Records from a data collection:
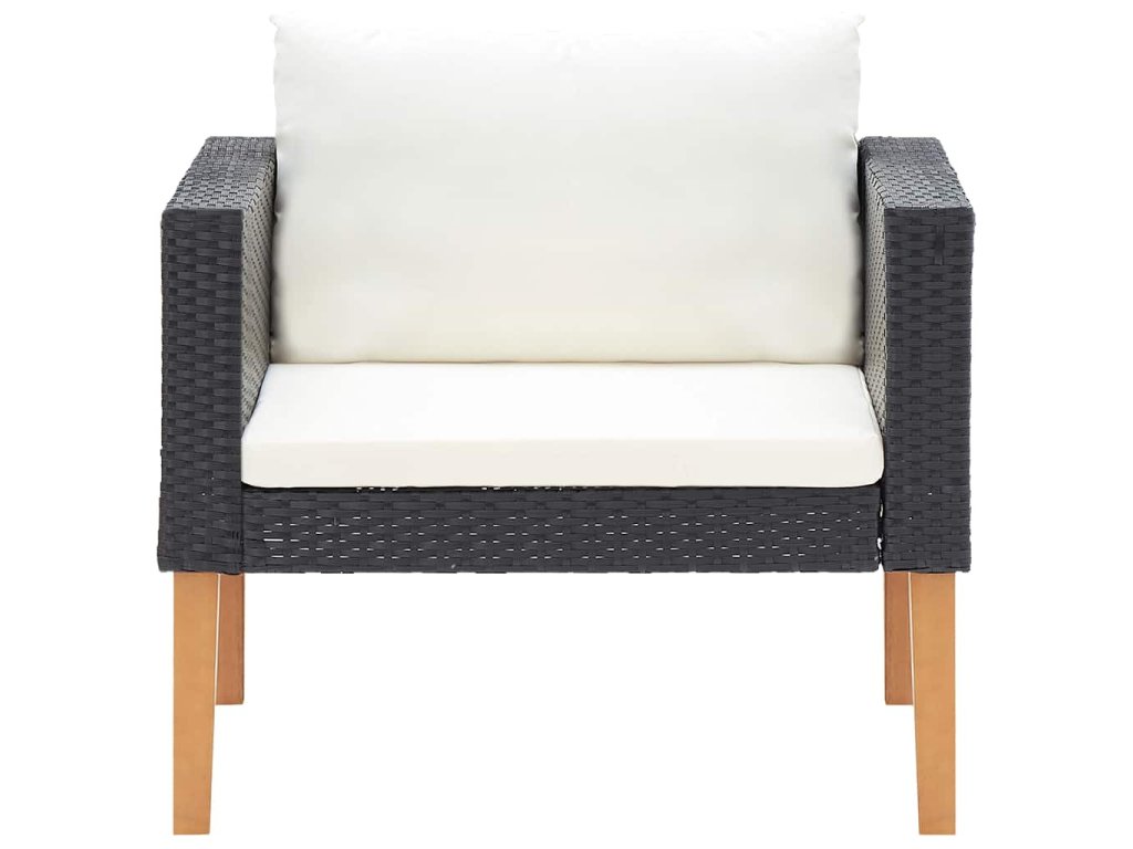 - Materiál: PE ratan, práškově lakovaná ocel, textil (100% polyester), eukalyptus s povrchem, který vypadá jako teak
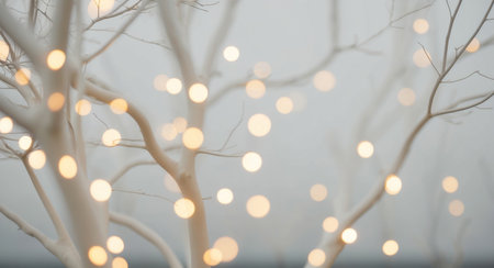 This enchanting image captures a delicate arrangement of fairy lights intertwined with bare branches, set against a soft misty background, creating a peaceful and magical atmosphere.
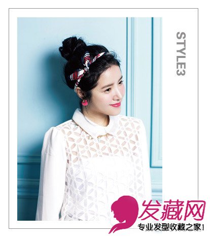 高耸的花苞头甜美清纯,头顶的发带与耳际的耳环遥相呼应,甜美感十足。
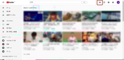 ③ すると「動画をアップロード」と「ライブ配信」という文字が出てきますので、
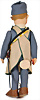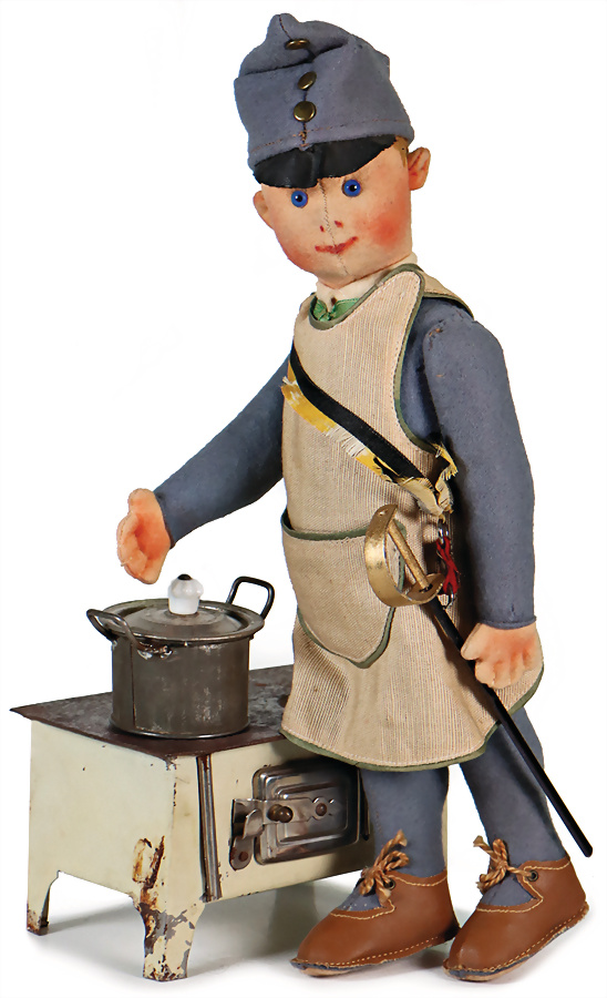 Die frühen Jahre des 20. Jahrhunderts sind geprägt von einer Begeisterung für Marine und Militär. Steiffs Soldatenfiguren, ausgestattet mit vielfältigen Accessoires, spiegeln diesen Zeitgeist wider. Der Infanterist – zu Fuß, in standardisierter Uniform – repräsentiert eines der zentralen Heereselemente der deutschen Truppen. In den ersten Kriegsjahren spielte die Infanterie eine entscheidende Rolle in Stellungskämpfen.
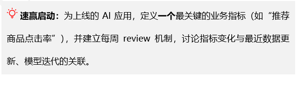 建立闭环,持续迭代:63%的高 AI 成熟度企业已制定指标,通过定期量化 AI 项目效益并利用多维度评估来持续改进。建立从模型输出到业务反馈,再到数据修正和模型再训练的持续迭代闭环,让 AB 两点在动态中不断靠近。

Problem description:
Using the data above, set down each line from the line with "This enchanting image" to the line with "③ すると「動画をアップロード」と「ライブ配信」という文字が出てきますので、" exactly, both ends included, and leave the pictures behind. Nothing else belongs.

Task response:
 This enchanting image captures a delicate arrangement of fairy lights intertwined with bare branches, set against a soft misty background, creating a peaceful and magical atmosphere.
 高耸的花苞头甜美清纯,头顶的发带与耳际的耳环遥相呼应,甜美感十足。
 ③ すると「動画をアップロード」と「ライブ配信」という文字が出てきますので、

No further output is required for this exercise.